Location: Parts Unknown, Northern California
48,564 posts, read 24,110,503 times
Reputation: 21239
Quote:
Originally Posted by Mikestone8 View Post
Where does the Constitution come into it?

Secession was either legal or it wasn't If it wasn't, then it was a rebellion which Lincoln had a duty to suppress. If it was, then the Confederacy was a foreign country, and if Lincoln decided that it was in the interest of the United States (ie those states which hadn't seceded) to wage war against that country.
Secession was neither legal as in specifically sanctioned by the Constitution, nor illegal, as in specifically forbidden.

That was the problem, the Constitution didn't come into it, only claims by both sides that it did. The North decided to view it as illegal, and thus waged war to supress it. The South believed it to be legal, and thus were willing to fight to protect the right.

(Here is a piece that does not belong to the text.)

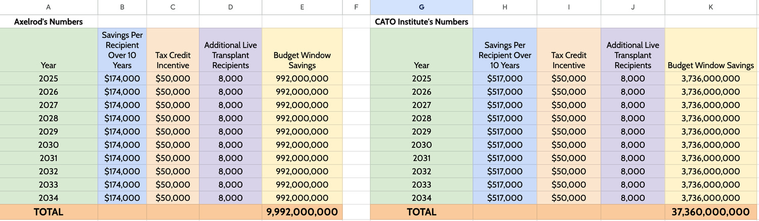 Potential savings: Beyond improving patient outcomes, this tax credit is projected to save taxpayers between $10 billion and $37 billion by reducing the number of patients reliant on dialysis. These estimates are based on savings per recipient between $174,000 and $517,000 from avoided dialysis costs. You can see the two side-by-side calculations below.7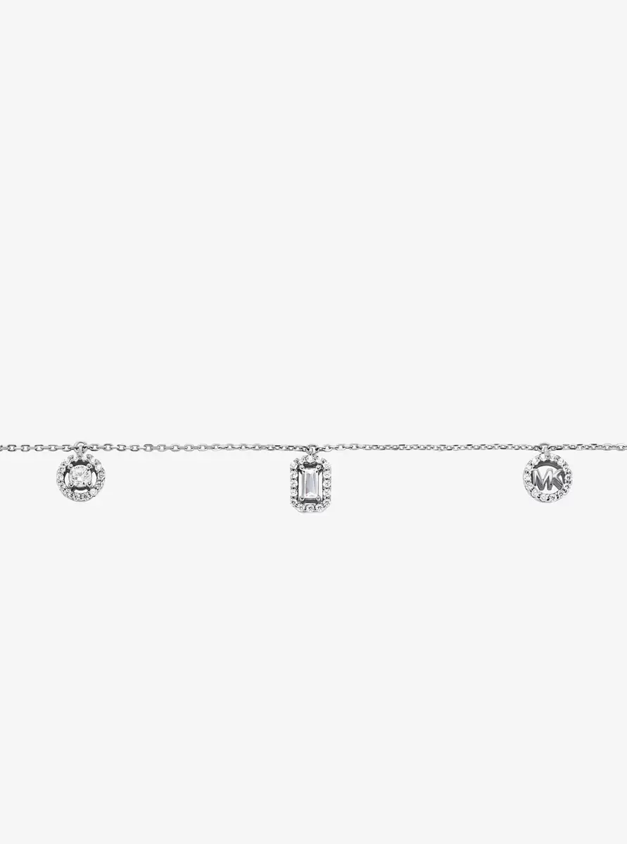 Delicate yet dazzling, this necklace catches the light thanks to a mix of sparkling cubic zirconia charms. It’s made from precious metal-plated sterling silver and layers well with other chains from our collection. An adjustable slider clasp lets you customize the length to suit your neckline—and your mood

As I wrote previously, it was the fault of the Constitutional authors. They failed to proclaim the Federal government supreme, but also failed to be specific about its limitations. They did this for the very good reason that doing it one way or the other, would have so severely alienated the opponents that the document would not be ratified. So instead they produced vagueness.

It was a compromise. It was followed by decades of other compromises until finally it was not possible to compromise any further. The price of easing our national birth was the bloody test of its unity 70 years later.